Nearly a decade later, Avril Lavigne’s core thesis has become fact: she's a rock icon. While her influence spans genres, she is known for perfecting the brand of pop-rock that proved foundational to generations of artists including Olivia Rodrigo, Billie Eilish, Snail Mail, Willow, and Rina Sawayama. She has been especially essential for the recent pop-punk revival, which she is both an influence on plus a segment of. Love Sux, which was released last month, sees Lavigne not only sticking to the commitment to rock music she expressed on her self-titled album, however going further into it than ever before.


“I was just like, ‘Let's make a pop-punk record,’” she told Entertainment Weekly. “We used live guitars and live drums and didn't hold back, and just got to do exactly what I wanted and what I feel like I've probably wanted to do for a long time.
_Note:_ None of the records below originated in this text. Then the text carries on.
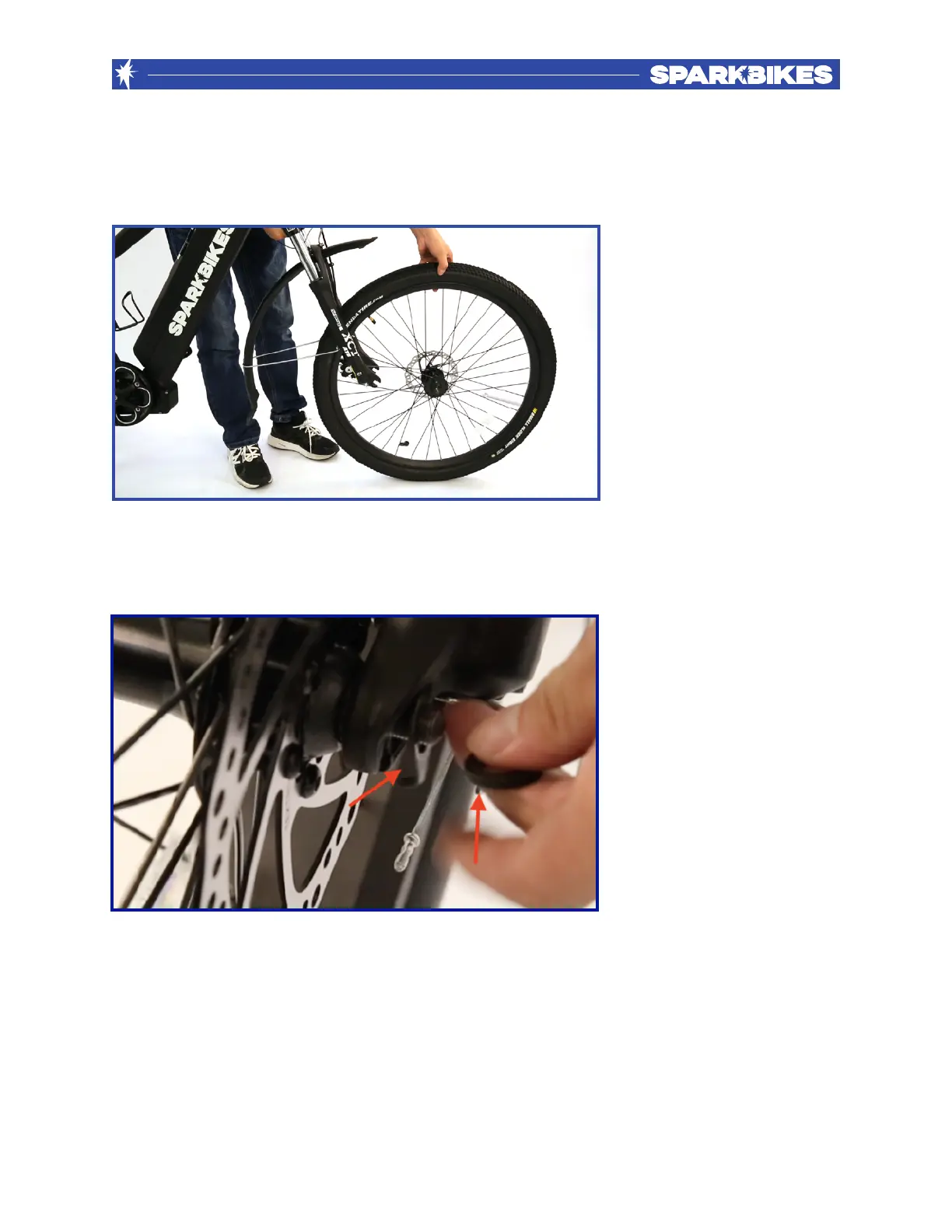 Insert the wheel into the fork hooks ensuring that the disc brake rotor is inserted into the
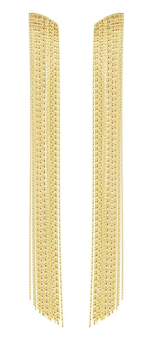Elysian hapsukorvakoruissa 126644 kimaltaa useat ohet ketjut luoden kauniin kimaltavan pinnan. Pitkien korvakorujen pinta on viimeistelty 14 karaatin kullalla. Pituus: 80 mm.
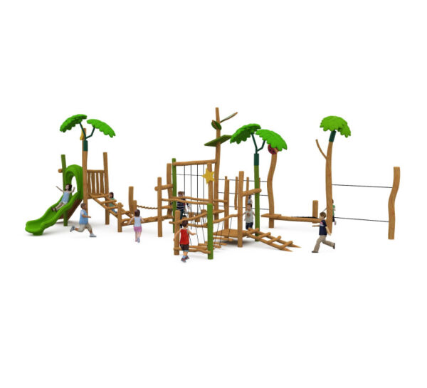 Las cuerdas de terileno de 6 hebras y diámetro de 16mm son duraderas y resistentes a la humedad y los rayos UV, lo que asegura su larga vida útil y su capacidad de mantenerse en excelentes condiciones. Los componentes de plástico están fabricados con LLDPE (polietileno de baja densidad lineal), garantizando resistencia y durabilidad. La parte de madera está elaborada con madera de Acacia o Robinia, una opción robusta y sostenible que asegura la estabilidad y seguridad del juego. Herrajes, pernos, uniones y tornillos son de metal galvanizado, para entregar una mayor vida útil y resistencia al clima.
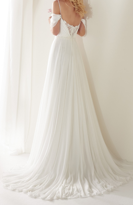 White Chiffon Lace Appliques Wedding Dress Off Shoulder Spaghetti Straps Sheath Bridal Dress Long Prom Dress,529
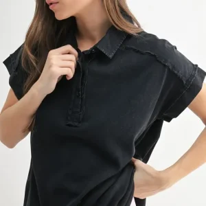 Mineral Wash Half Button T-Shirt – Black
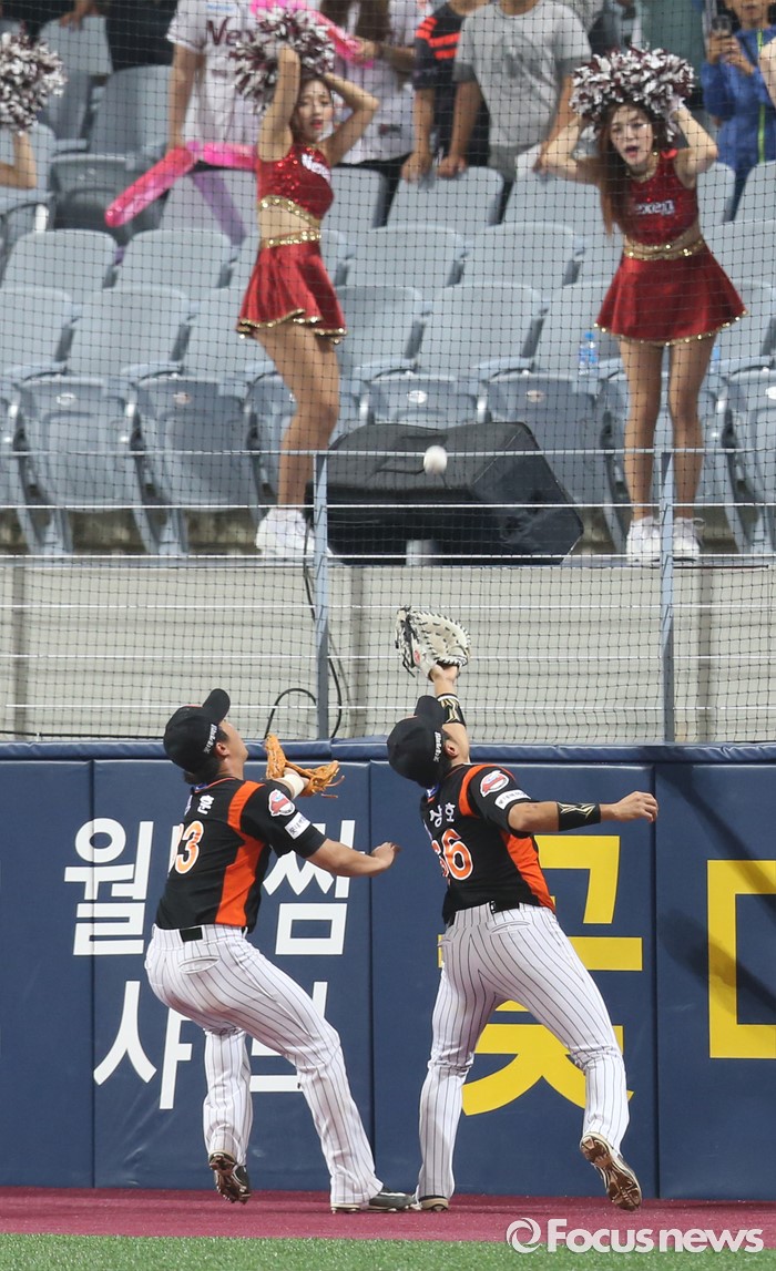 (서울=포커스뉴스) 15일 서울 고척 스카이돔 구장에서 열린 2016 프로야구 롯데-넥센 경기 3회말 롯데 1루수 김상호와 2루수 정훈이 넥센 박정음의 파울 플라이를 펜스 앞에서 잡으려 하고 있다. 넥센 치어리더의 시선이 애처럽다.
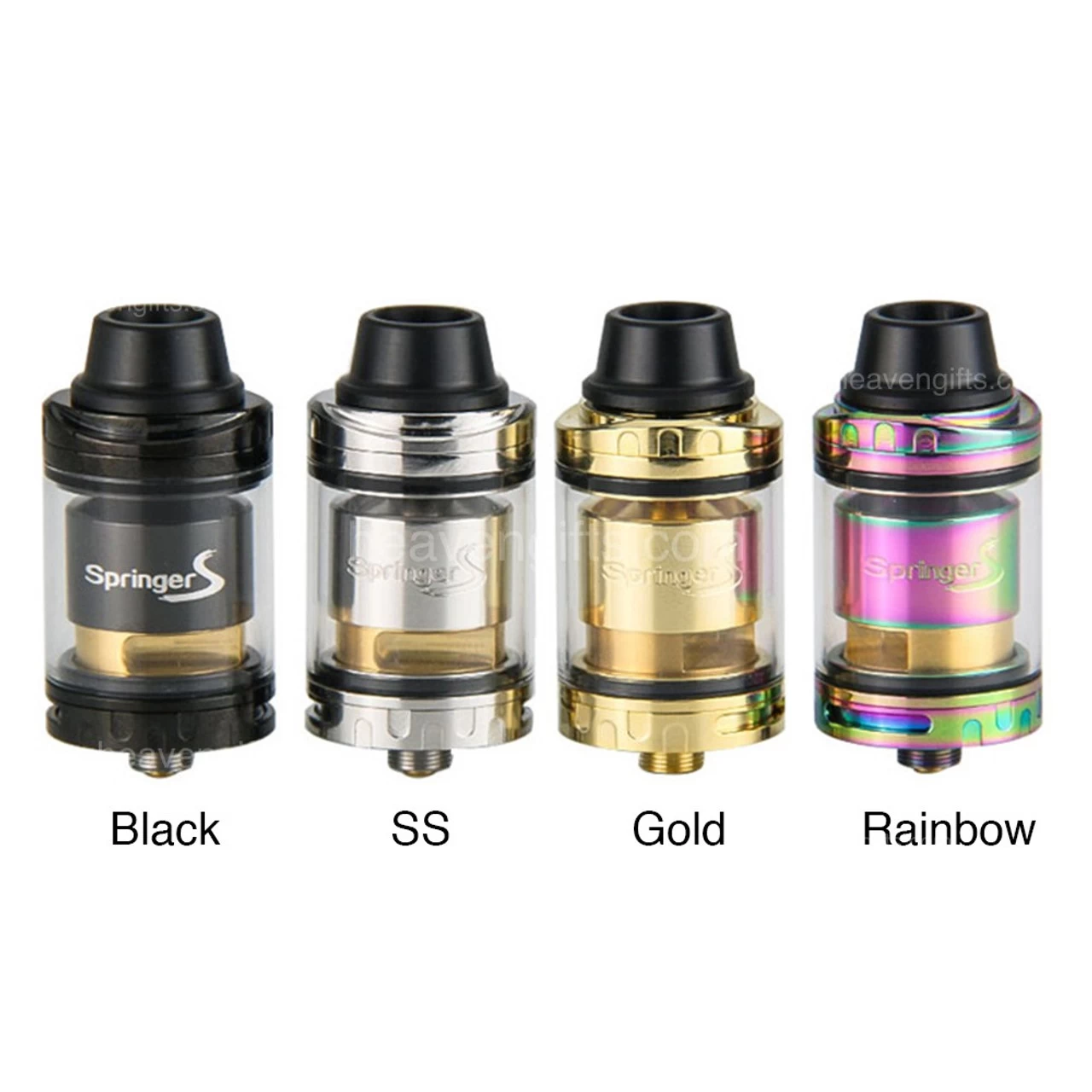 Currently, we stock Tigertek’s Springer S RTA in all four colour finishes. Order your Stainless Steel, Rainbow, Black or Gold rebuildable tank atomizer today!
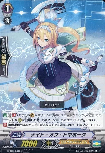 【自】【Gブレイク】(1)(あなたの(V)かGゾーンに表のGユニットがあるなら有効):このユニットが(R)に登場した時、そのターン中、このユニットのパワー+2000。【永】【山札】勇敢(あなたの手札が3枚以下で有効):このカードのグレード+1。
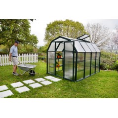 Das Palram - Canopia Eco Grow Gewächshaus ist die klassische Wahl für Gewächshausgärtner. Das scheunenförmige DIY-Gewächshaus bietet klassisches Design, komfortablen Platz und hervorragende Wärmedämmung. Die Schwingtür kann links oder rechts angebracht werden und bleibt dank des magnetischen Türverschlusses leicht geöffnet. Die Dachlüftung sorgt auch bei geschlossener Tür für Belüftung und regelt Temperatur und Luftfeuchtigkeit. Für eine noch bessere Temperaturkontrolle sorgen Gummidichtungen und ein robuster, UV-geschützter Harzrahmen, der für eine bessere Isolierung sorgt. Ihre Pflanzen sind sowohl vor extremen Wetterbedingungen als auch vor Sonneneinstrahlung geschützt. Die nahezu bruchsicheren 4 mm starken doppelwandigen Polycarbonat-Dachplatten und die 6 mm starken doppelwandigen Seitenplatten blockieren schädliche UV-Strahlen und streuen über 80 % des Sonnenlichts für weiches, gleichmäßiges Licht. Der Aufbau ist kinderleicht! Der wetterfeste Harzrahmen verfügt über ein einfaches Stecksystem und lässt sich einfach einschieben. Das Eco Grow Gewächshaus ist perfekt für die Bedürfnisse von Hobbygärtnern! Starten Sie noch heute mit dem Anbau!
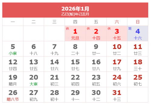 放假:1月1日 ~ 3日(周四 ~ 周六)

It's fast. It's fun. It's just pure rock and roll from front to back.”


As this year’s Grammy nominations attest, rock music is still often seen as a stereotypically masucline enterprise — even amid breakout stars riding waves of big guitar sounds. Females like Lavigne, who deftly strike a balance between pop and rock, are readily sorted into the former category more with little effort than the second. Nevertheless with her self-titled album, she proved once and for all she can be a segment of both worlds. Right now, decades since she was crowned a pop princess, she’s still a rock star.